Compensation and benefits don't actually keep employees engaged. So suggests global engagement agency ITA Group, which finds only 15 percent of adult employees are engaged with their employers, although organizations globally invest $18 billion per year on tools to boost said engagement. To find the missing piece in the puzzle, ITA's market-research subsidiary, Chadwick Martin Bailey, conducted a study into the psychological benefits that drive employee loyalty.
Published last week, the study of 1,500 full-time employees at U.S.-based companies found that there are five types of psychological benefits that drive employee engagement: functional, emotional, personal identity, social identity and cultural identity. The latter three, collectively known as "identity benefits," are especially important, found the study, which said companies that want to retain their best workers must "continually foster employees' pride, self-esteem and sense of belonging."
Instead of motivating employees with external rewards exclusively, the study suggests that companies must also motivate employees with internal rewards.

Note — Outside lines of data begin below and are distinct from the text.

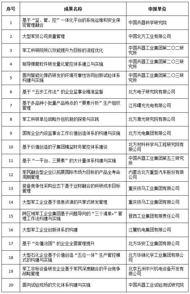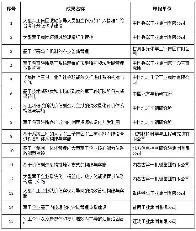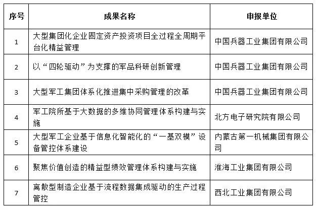 經(jīng)全國企業(yè)管理現(xiàn)代化創(chuàng)新成果審定委員會終審,第二十五屆全國企業(yè)管理現(xiàn)代化創(chuàng)新成果公布,中國兵器工業(yè)集團4項創(chuàng)新成果榮獲二等獎。
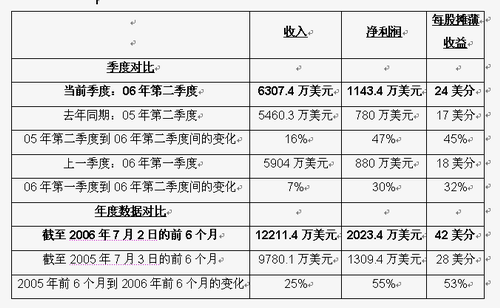 2006年和2005年第二季度的財報包括了在2005年5月9日收購的DVT公司的業務情況,以及與收購相關的稅前分期攤還費用:2006年第一和第二季度均為114.3萬美元,即2006年前6個月為228.6萬美元;2005年第二季度和前6個月為76.2萬美元。
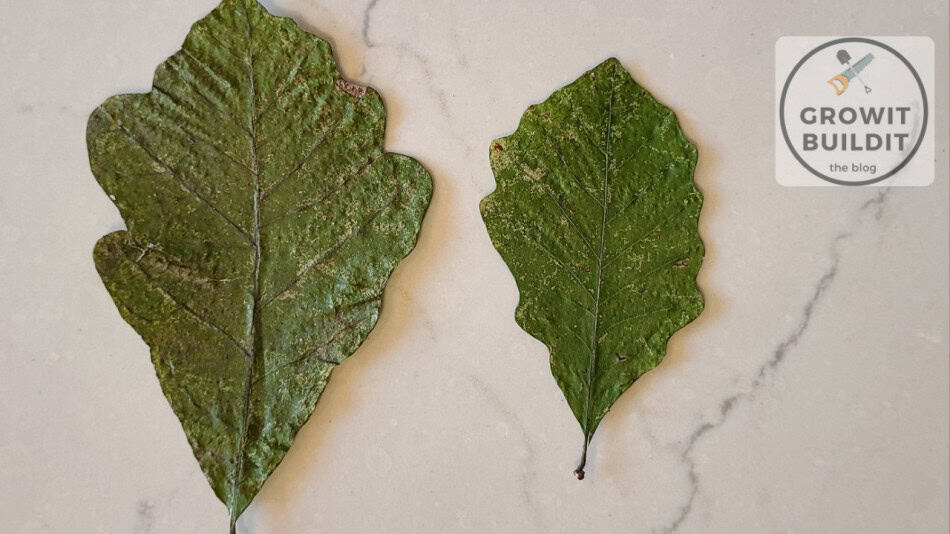 When it comes to leaves, comparing these two species can be quite difficult. Both are in the white oak family, so the tips of the lobes are blunt or rounded. Both have fuzzy undersides. And both have the same overall shape.

"This is in line with what social science teaches us about the kinds of things that motivate behavior," said Erica Carranza, Ph.D., vice president of consumer psychology at CMB and coauthor of the study. "Employees across tenure, level and role are motivated by the psychological benefits we identified in this research -- and the companies with programs in place to deliver these benefits will reap the rewards of a dedicated workforce."
Added Christina Zurek, insights and strategy leader at ITA Group, "This research shows that companies can't stop at benefits like compensation packages and work/life balance to truly inspire and engage their workforce. And while making a bigger push for wellness programs and similar initiatives can help, the most powerful investment a company can make in order to engage employees is to nurture emotional and identity benefits."